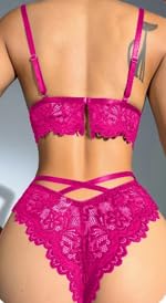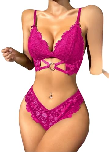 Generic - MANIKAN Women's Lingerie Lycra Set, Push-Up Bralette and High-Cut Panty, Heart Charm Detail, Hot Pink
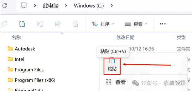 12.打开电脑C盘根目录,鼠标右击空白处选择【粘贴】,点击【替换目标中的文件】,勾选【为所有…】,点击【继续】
...
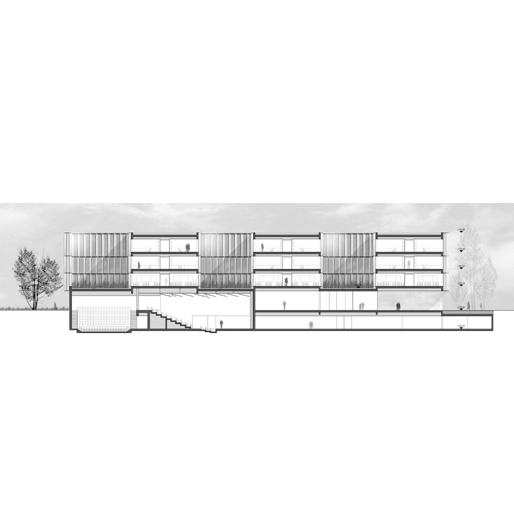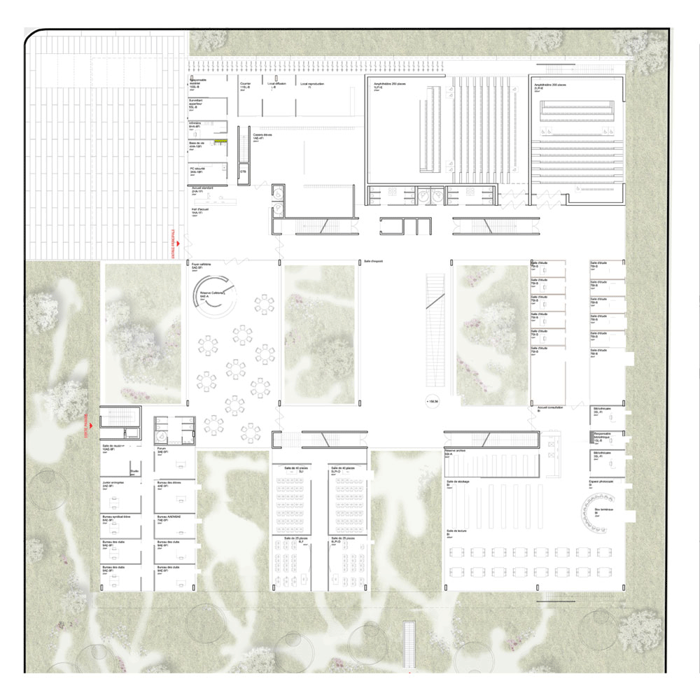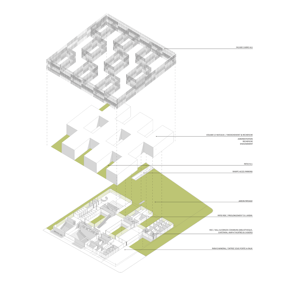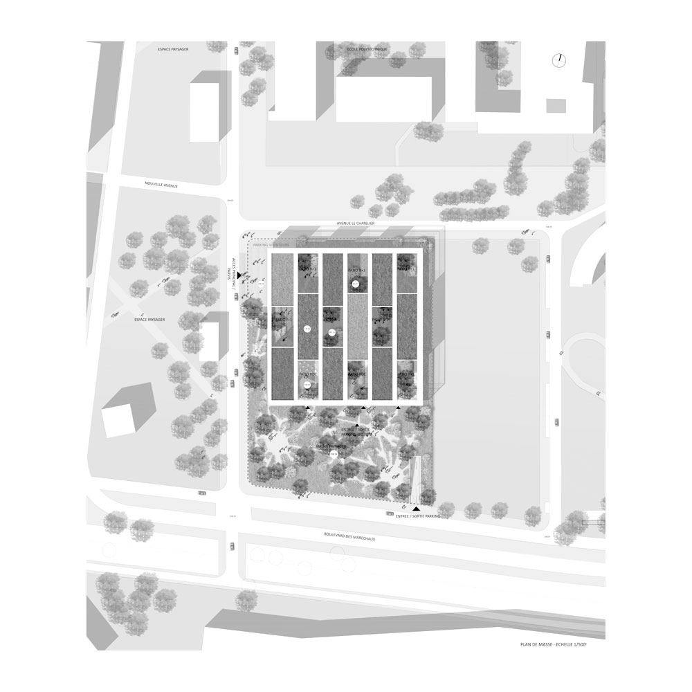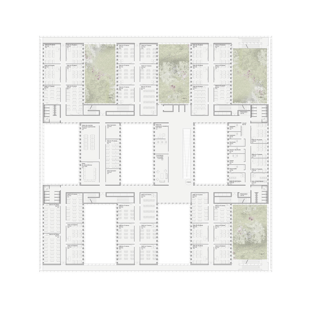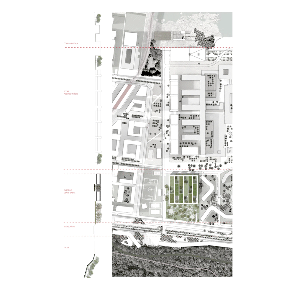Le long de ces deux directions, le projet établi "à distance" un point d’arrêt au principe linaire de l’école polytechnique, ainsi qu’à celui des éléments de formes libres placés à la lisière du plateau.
---
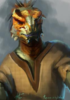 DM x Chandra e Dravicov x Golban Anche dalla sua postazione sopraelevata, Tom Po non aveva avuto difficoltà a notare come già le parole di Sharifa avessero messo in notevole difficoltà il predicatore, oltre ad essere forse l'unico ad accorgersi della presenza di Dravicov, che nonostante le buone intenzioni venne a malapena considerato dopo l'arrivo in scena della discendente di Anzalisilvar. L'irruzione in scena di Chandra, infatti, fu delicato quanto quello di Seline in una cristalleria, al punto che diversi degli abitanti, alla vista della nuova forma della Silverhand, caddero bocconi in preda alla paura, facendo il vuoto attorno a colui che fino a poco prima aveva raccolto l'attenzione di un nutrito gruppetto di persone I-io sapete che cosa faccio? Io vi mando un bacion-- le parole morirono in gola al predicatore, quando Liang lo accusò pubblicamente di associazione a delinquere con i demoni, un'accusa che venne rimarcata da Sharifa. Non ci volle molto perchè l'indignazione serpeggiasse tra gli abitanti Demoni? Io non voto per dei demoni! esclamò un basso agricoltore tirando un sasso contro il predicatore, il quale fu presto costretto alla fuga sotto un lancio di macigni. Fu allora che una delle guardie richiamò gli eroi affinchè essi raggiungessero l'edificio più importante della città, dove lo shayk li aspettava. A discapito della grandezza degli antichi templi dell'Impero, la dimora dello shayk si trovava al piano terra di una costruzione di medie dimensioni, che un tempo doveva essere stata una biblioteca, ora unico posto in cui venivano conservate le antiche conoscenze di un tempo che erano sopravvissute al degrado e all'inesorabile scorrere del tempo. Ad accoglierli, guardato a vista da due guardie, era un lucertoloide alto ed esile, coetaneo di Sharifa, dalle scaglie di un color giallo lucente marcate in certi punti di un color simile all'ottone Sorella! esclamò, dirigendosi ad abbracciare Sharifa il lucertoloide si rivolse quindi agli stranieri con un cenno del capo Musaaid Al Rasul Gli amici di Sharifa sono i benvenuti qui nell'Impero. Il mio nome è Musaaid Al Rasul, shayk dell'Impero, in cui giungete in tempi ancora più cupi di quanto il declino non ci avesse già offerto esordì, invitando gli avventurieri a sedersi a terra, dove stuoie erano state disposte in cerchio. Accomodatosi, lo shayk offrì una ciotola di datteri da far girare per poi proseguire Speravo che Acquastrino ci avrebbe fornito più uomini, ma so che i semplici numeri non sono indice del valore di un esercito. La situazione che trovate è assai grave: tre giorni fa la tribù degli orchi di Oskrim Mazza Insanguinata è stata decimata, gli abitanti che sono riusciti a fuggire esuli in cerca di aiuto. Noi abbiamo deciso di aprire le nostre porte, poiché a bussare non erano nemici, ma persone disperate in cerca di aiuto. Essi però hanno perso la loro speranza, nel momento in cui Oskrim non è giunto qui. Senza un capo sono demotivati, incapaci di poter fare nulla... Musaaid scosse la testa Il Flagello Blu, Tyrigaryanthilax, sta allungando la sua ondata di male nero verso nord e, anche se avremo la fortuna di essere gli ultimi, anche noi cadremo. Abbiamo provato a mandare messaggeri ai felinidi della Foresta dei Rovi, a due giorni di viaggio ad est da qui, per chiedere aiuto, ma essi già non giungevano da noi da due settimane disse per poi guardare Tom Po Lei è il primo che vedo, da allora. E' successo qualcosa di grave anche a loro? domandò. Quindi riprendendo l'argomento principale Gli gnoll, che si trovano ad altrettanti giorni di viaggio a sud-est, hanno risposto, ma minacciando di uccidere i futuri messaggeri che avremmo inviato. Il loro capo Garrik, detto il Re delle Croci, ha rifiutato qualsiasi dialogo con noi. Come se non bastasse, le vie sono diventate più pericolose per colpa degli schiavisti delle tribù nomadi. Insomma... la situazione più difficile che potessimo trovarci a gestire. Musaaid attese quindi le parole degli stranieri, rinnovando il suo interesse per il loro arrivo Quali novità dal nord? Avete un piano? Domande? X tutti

_EXERCISE PROMPT_
All pictures are to be skipped. Output, word for word, the lines in the data above starting at the line containing "Generic - MANIKAN" and ending at the line containing "12.打开电脑C盘根目录,鼠".

_RESPONSE AREA_
 Generic - MANIKAN Women's Lingerie Lycra Set, Push-Up Bralette and High-Cut Panty, Heart Charm Detail, Hot Pink
 12.打开电脑C盘根目录,鼠标右击空白处选择【粘贴】,点击【替换目标中的文件】,勾选【为所有…】,点击【继续】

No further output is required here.